_Requirement_
Go to the line below that has "화장실은 통 유리로 오픈", print it and each line after it exactly, and stop after the line that has "完了したら、PSPを再起動し"; leave out pictures.

_Source data_
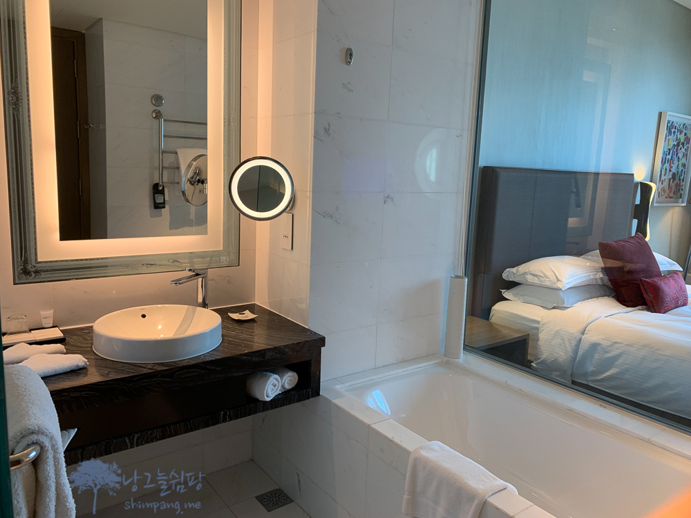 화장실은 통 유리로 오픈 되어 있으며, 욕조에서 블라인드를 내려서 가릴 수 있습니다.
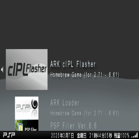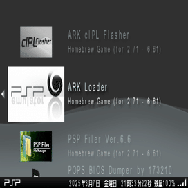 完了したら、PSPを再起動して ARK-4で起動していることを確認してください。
...
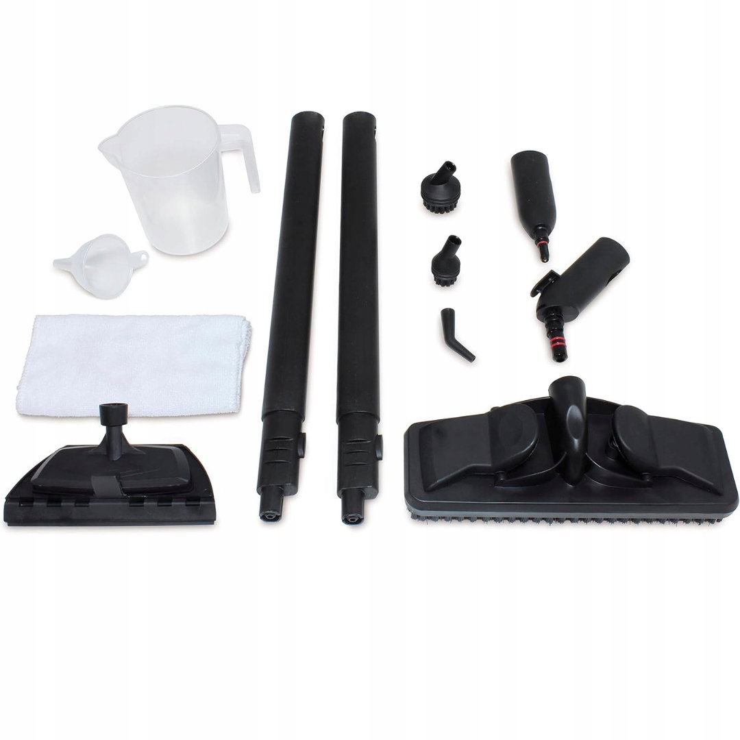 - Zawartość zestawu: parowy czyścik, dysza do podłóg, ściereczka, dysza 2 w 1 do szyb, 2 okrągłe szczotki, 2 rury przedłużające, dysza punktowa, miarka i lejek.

_Exercise output_
 화장실은 통 유리로 오픈 되어 있으며, 욕조에서 블라인드를 내려서 가릴 수 있습니다.
 完了したら、PSPを再起動して ARK-4で起動していることを確認してください。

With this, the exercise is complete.